成為「英雄」之前,薩菲羅斯的人生基本上由兩個部分組成。
他既是實驗體,也是武器,每天的日程都在實驗室和戰斗模擬室之間往返,單調而精準得如同時間的鐘擺。
剛開始接受訓練時,他需要面對的只是數據模擬出來的怪物。但寶條很快就不再滿足于此,認為那些虛構的數據不足以測試他真正的潛力。
訓練目標更改時,沒有人告訴他。他和往常一樣,裝備好武器踏入金屬冰冷的戰斗模擬室。
比他龐大許多的怪物,被他手里的刀刺穿心肺后沒有立刻化作破碎的數據消散。
抽出刀時,新鮮的血液迸射而出。
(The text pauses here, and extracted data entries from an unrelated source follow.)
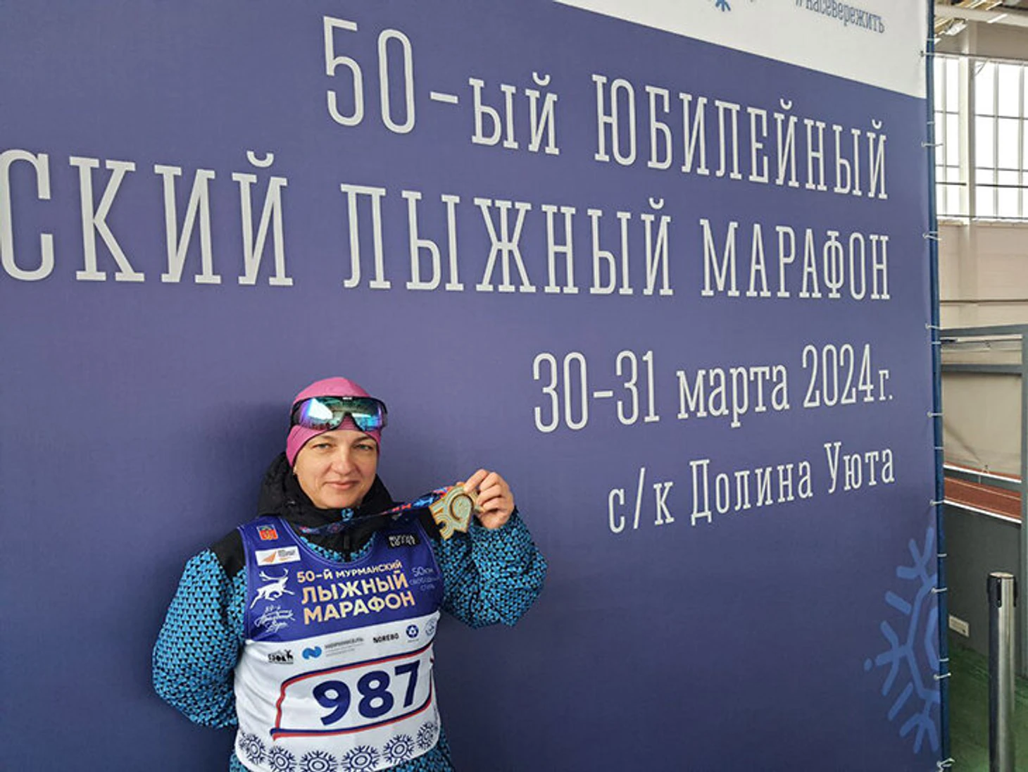 Мария Калашникова, проехала четыре лыжных марафона: «Я не так давно бегаю на лыжах, сезон 24/25 – мой четвертый. Когда я первый раз встала на лыжи, мне сказали, что самое сложное – это пробежать классический марафон в Мурманске, поэтому я дала себе зарок, что следующей зимой пробегу 50 км на „Празднике Севера“. В 2023 году я пробежала 50 км классикой, на следующий год – уже 25 км коньком и 50 классическим ходом, в 2025 году также планирую 50 км классикой. Для меня это уже традиция – каждый год преодолевать Мурманский классический марафон.
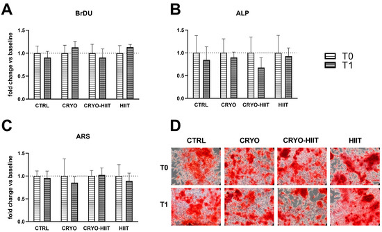 The potential effects of HIIT, alone or in combination with WBC, were investigated on differentiated osteoblasts. To this aim, osteoblastic differentiation was induced in SaOS-2 cells during treatments with 20% of subjects’ sera, for 7 or 10 days. Different interventions did not influence cell proliferation and neither had any effect on ALP activity (7 days) or on the deposition of calcified matrix after 10 days (Figure 5).
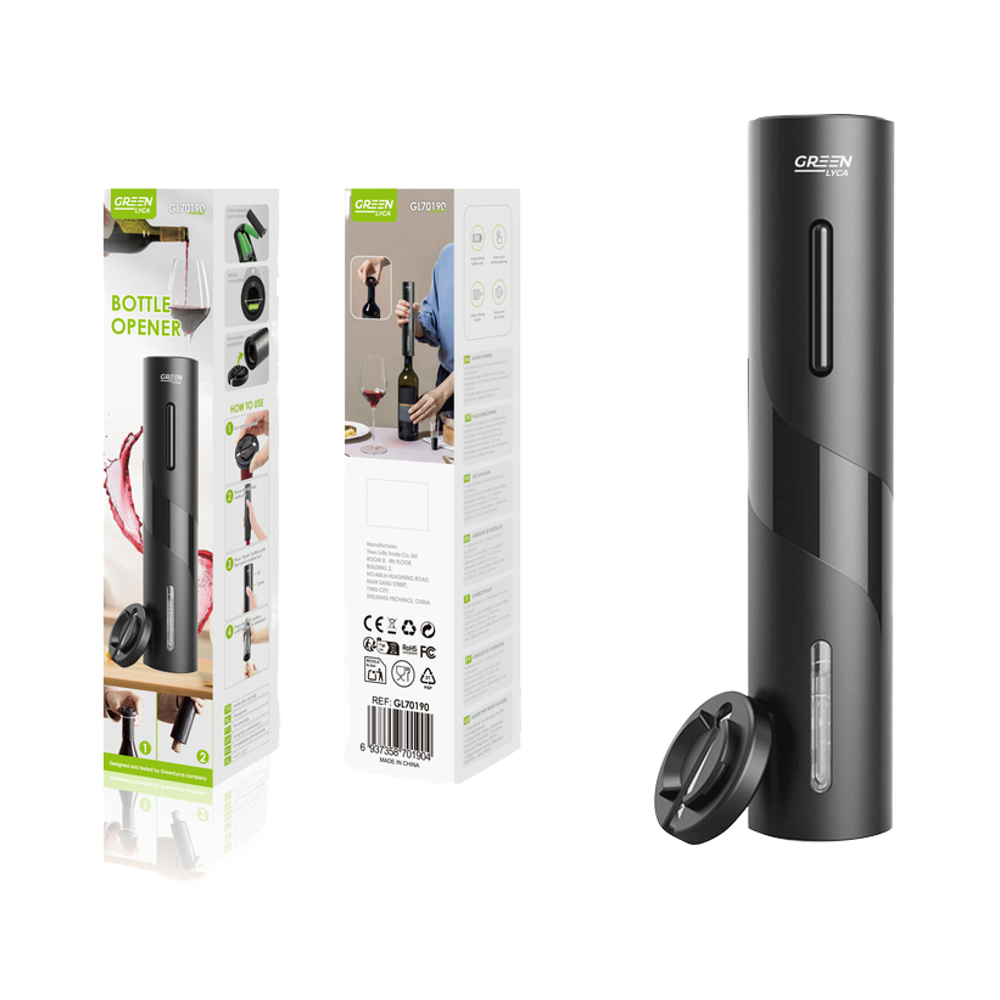 - Design: A sleek, black ABS plastic body with a "liquor-like curve" and a transparent window to view the cork removal process.
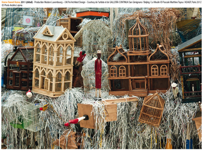 Le thème de la ville est omniprésent, dès la première pièce « Home sweet home ». Formée de cages à oiseau, de nichoirs et de spaghettis de papier amassés sur des troncs d’arbre, cette ville chaotique fait penser à ces villages de boat people, dont la mer se serait retirée ; ce qui fait encore tenir cette forme urbaine c’est la solidarité des maisons entre elles et en-dessous du sable. Et de tout cela surgissent des chants d’oiseau ! Une version de « sous les pavés de la mondialisation urbaine, la plage ».
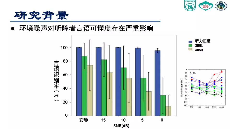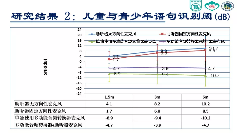 <br /><br /><br />環境噪聲對聽障者言語可懂度存在嚴重影響<br /><img src="/upfiles/201807200933345194.jpg" alt="" /><br />(感音神經性聾患者聽力圖)<br /><br /><br />在有噪聲的環境里,特別對于感音神經性聾患者來說非常困難,言語清晰度和可懂度會存在嚴重障礙。<br />在安靜環境或者信噪比為零的環境下,聽力正常人的表現基本接近 100%,說明聽力正常者的聽覺功能、抗噪功能是正常的。上圖綠色柱狀圖表示,伴隨著環境噪聲的增大,言語識別率遞減。<br /><br /><br /></span><p><span style="font-size:14px;">隨著與聲源距離的增加,強度迅速衰減,信噪比逐漸下降</span></p><p><span style="font-size:14px;"><img src="/upfiles/201807200933155202.jpg" alt="" /><br /></span></p><span style="font-size:14px;">已經實現的助聽輔助技術<br /><br /><br />FM 系統<br /><br /><br />數字無線配件:發射器、接收機數字信號傳輸<br /><br /><br />研究目的<br />本項課題主要是研究使用無線麥克風系統對聽障患者在噪聲條件下和遠距離環境下對言語識別能力改善的效果。<br /><br /><br />研究方法<br /><br /><br /><br /><br />助聽設備<br /><img src="/upfiles/201807200932488824.jpg" alt="" /><br /><br />測試材料<br /><br /><br /><br /><br />漢語普通話版噪聲下言語測試材料(Mandarin Hearing in Noise Test, MHINT)<br /><br /><br />成人測試材料<br /><br /><br />兒童測試材料<br /><br /><br />言語刺激聲<br /><br /><br />言語刺激聲分別來自受試者1.5m,3m和6m處<br /><br /><br />采用自適應的步驟來測試噪聲中的語句識別閾<br /><br /><br />環境噪聲<br /><br /><br />采用與測試材料本身頻譜接近的言語譜噪聲 (SSN)<br /><br /><br />噪聲強度為65 dB(A)<br /><br /><br /><br /><br />測試環境<br /><img src="/upfiles/201807200931496282.jpg" alt="" /><br /><br />??成人受試者<br /><img src="/upfiles/201807200931377495.jpg" alt="" /><br /><br />??程序設置<br /><br /><br />單獨使用助聽器麥克風(HA Mic Only):固定方向性<br /><br /><br />單獨使用迷你麥克風(Micro Mic Only)<br /><br /><br />同時使用助聽器麥克風和迷你麥克風(HA Mic+Micro Mic)<br /><br /><br />受試者距離言語信號揚聲器的距離<br /><br /><br />1.5m<br /><br /><br />3m<br /><br /><br />6m<br /><br /><br />隨機更換各種測試條件<br /><br /><br />兒童和青少年受試者<br /><br /><img src="/upfiles/201807200930455527.jpg" alt="" /><br />?程序設置<br /><br /><br />C1:單獨使用助聽器麥克風:全向性<br /><br /><br />C2:單獨使用助聽器麥克風:固定方向性<br /><br /><br />C3:單獨使用迷你麥克風<br /><br /><br />C4:同時使用助聽器麥克風和迷你麥克風<br /><br /><br />受試者距離言語信號揚聲器的距離<br /><br /><br />S1:1.5m<br /><br /><br />S2:3m<br /><br /><br />S3:6m<br /><br /><br />隨機更換各種測試條件<br /><br /><br />統計學分析<br /><br /><br />采用雙因素方差分析判斷受試者噪聲條件下言語識別閾是否受距離和程序設置的影響<br /><br /><br />分析距離對程序設置各水平的影響<br /><br /><br />分析程序設置對距離各水平的影響<br />研究結果<br />成人語句識別閾<br /><img src="/upfiles/201807200929474048.jpg" alt="" /><br /><br />?上圖中,藍色曲線表示助聽器麥克風打開的情況;綠色表示助聽器和迷你麥克風同時打開;紅色表示僅打開迷你麥克風。<br /><br /><br />我們可以看到,單獨使用助聽器麥克風情況下,言語識別閾從1.5m處的5.55 dB上升到6m處的13.11 dB。單獨使用迷你麥克風和使用迷你麥克風同時開啟助聽器麥克風這兩種情況下受試者言語識別閾隨距離變化不大。<br /><br /><br />在1.5m處單獨使用迷你麥克風比單獨使用助聽器麥克風信噪比可以獲得11dB的改善,同時這種改善會隨著距離的增加效果越來越明顯,在6m處可到20.6 dB。<br /><br /><br />兒童與青少年語句識別閾<br /><img src="/upfiles/201807200929214754.jpg" alt="" /><br /><br />??方向性麥克風的使用,隨著距離的增加,言語識別閾沒有明顯改善。<br />結論<br />單獨使用助聽器麥克風(全向性或方向性),伴隨距離增加,言語識別能力會顯著下降;<br /></span><p><span style="font-size:14px;">使用無線麥克風系統,言語識別能力不隨距離的改變而發生顯著改變,即可以顯著改善遠距離噪聲環境下言語識別能力。(內容來源網絡)</span></p><p><span style="font-size:14px;">聽覺有道助聽器品牌:http://www.fujibankin.com/</span></p>" />

密集的血點濺到臉上,比他在實驗室里觸碰過的任何事物都更加溫暖。
二樓的觀測室里站著許多科研人員,特殊的單向玻璃阻隔了探究的視線,只允許后面的人居高臨下地監測著戰斗模擬室里發生的一切。
他看著倒在血泊里的尸體,背后的門扉應聲開啟,那只怪物被善后的人員拖走之前,僵硬的眼球映出冰冷的藍色熒光,狹長的豎瞳凝固在渙散的時刻。
薩菲羅斯第一次真正意識到自己的特殊,不是在寶條的實驗室,也不是在神羅的戰斗模擬室里。十二歲那年,他被投放到對五臺的戰爭前線,很快在戰爭中聲名鵲起,以他為原型的特種兵被神羅相繼投入戰爭。
但是他和那些人并不一樣。
訓練是軍隊的日常,士兵之間經常會進行對練。
在和他人對練的過程中,薩菲羅斯最先學會的就是收斂自己的力量。
普通的士兵在他面前過于脆弱,就算是特種兵,能正面接住他攻擊的人也沒幾個。
因為沒有人能和薩菲羅斯進行對練,其他人訓練的時候,他一般都自行練習,偶爾也會以教官的身份指導其他士兵。
但他很快就在指導他人的過程中遇到了難以跨越的難題。
在他看來非常簡單的動作,別人不管多么努力,不管練習多少次,就是無法做到像他那般輕而易舉。
力量、速度、反應能力,這些差距過于巨大。要向別人解釋他為何如此強大,就等同于向剛開始學習算數的人解釋什么是微積分一般困難。
因為是不可能實現的事,其他人很快就學會了將這歸咎于薩菲羅斯異于常人的強大。
「因為是英雄。」
英雄和所有人都不一樣,站在世人只能仰望的高度。
實驗室的科研人員將他當成特殊的實驗體,寶條對他說過最正面的話,就是他注定偉大。
這么告訴他時,性情古怪的科學家臉上帶著接近狂熱和陶醉的神色。寶條的視線并沒有落在他身上,只顧著沉浸在無人能及的幻想里。
面對那些來自他身上的實驗數據時,他并沒有太大的感受。那些能夠量化的「特殊」,并沒有在他心里引起多大波瀾。
理解自己的異常,和感受到自己的異常并不相同。
直到置身人群,和其他人一起訓練,一起戰斗,一起在任務結束后坐在篝火邊休息時,他才真正感受到了自己的特殊。
坐在篝火邊時,其他人最常提及的就是自己的家鄉。不論多么疲憊,不論傷勢多么嚴重,前線的士兵只要想到回家,想到那些等著自己回去的家人、朋友、或是戀人,臉上總會煥發出名為希望的神色。
不管是活著還是死亡,普通人總是和其他人緊密聯系在一起,好像有一張看不見的網,將這世上的所有人連結維系。那些網將人從虛無的黑暗中撈起,使他們不致于墮入孤獨的深淵。
薩菲羅斯從不參與那些話題,因為他沒有加入那些話題的方法。
他沒有家鄉,沒有家人、朋友、戀人。
普通人擁有的這些東西,他一個都沒有。
薩菲羅斯是特殊的。他和其他人有所不同。
但是他為什么如此特殊
如果是神羅,會說薩菲羅斯的特殊是為了成為最強的武器。